→ **Records contained in a dataset**
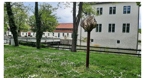
Schloss Benkhausen
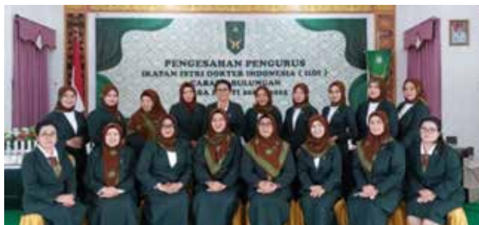
Pengesahan pengurus IIDI Cabang Bulungan masa bakti 2022 - 2025
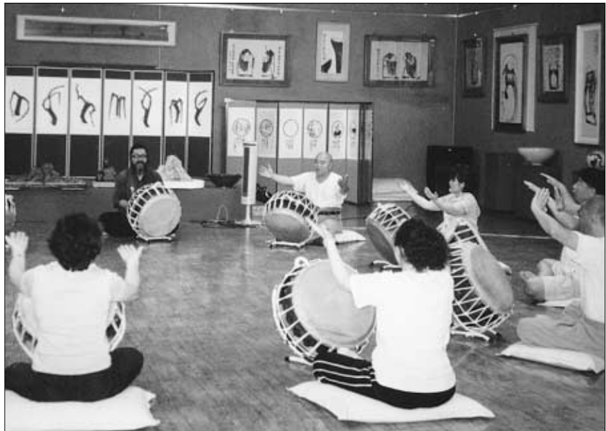
◇명상캠프 참가자들이 불가의 전통음악인 '동해의 소리'를 배우고 있다.

여름이 되면 전국의 사람들은 사람들로 분주해진다. '짧은 출가, 긴 깨달음'을 얻기 위한 사찰수련회에 많은 이들이 참가하기 때문이다. 대개 사찰 수련회는 새벽예불로 시작해 참선, 율령, 108등 스님들이 산사에서 생활하는 것과 똑같은 일정으로 짜여있다. 그래서 근기가 부족한 사람들은 중도에 탈락하거나 힘들어하기도 한다.
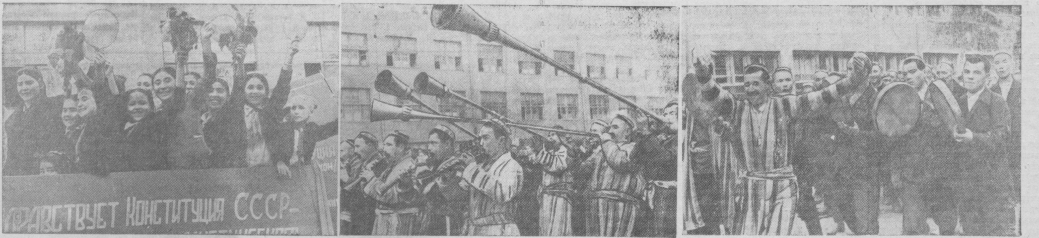
Трудящиеся г. Ташкента на Красной площади в день 28-й годовщины Великой Октябрьской социалистической революции.

В течение трех часов продолжалась праздничное шествие трудящихся столицы. Демонстрация, в которой приняло участие свыше полутора миллионов москвичей, показала сплоченность нашего народа вокруг партии Ленина — Сталина, его горячий советский патриотизм, его готовность к решению новых великих задач, вставших перед нашим государством в послевоенный период. (ТАСС).
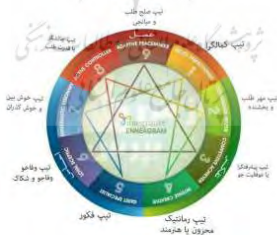
شکل (۱): تیپ‌های انیاگرام.
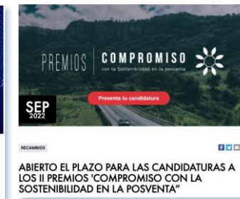
Premios Compromiso con el desarrollo sostenible
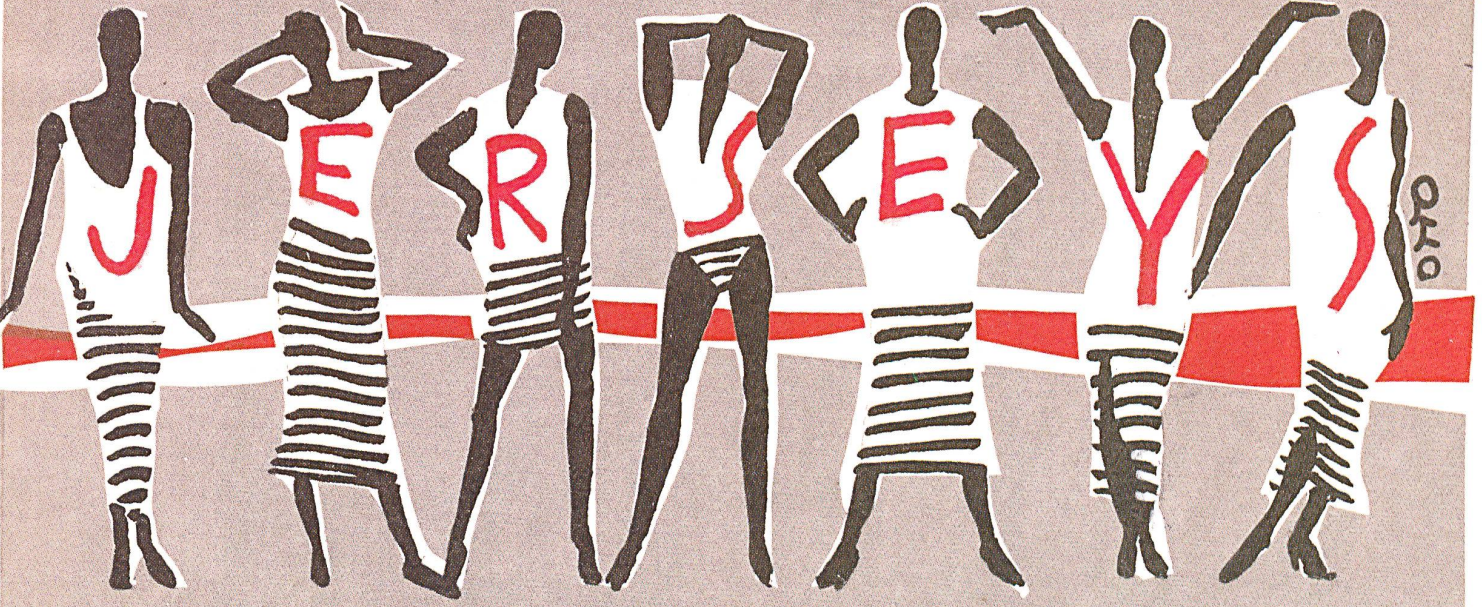
FORSTER WILLI ST-GALL

→ **TRY IT**
From the first line above down to the line with "Трудящиеся г. Ташкента", reproduce every line and no others, omitting pictures.

→ **RESULT OF THIS EXERCISE**
Schloss Benkhausen
Pengesahan pengurus IIDI Cabang Bulungan masa bakti 2022 - 2025
◇명상캠프 참가자들이 불가의 전통음악인 '동해의 소리'를 배우고 있다.

여름이 되면 전국의 사람들은 사람들로 분주해진다. '짧은 출가, 긴 깨달음'을 얻기 위한 사찰수련회에 많은 이들이 참가하기 때문이다. 대개 사찰 수련회는 새벽예불로 시작해 참선, 율령, 108등 스님들이 산사에서 생활하는 것과 똑같은 일정으로 짜여있다. 그래서 근기가 부족한 사람들은 중도에 탈락하거나 힘들어하기도 한다.
Трудящиеся г. Ташкента на Красной площади в день 28-й годовщины Великой Октябрьской социалистической революции.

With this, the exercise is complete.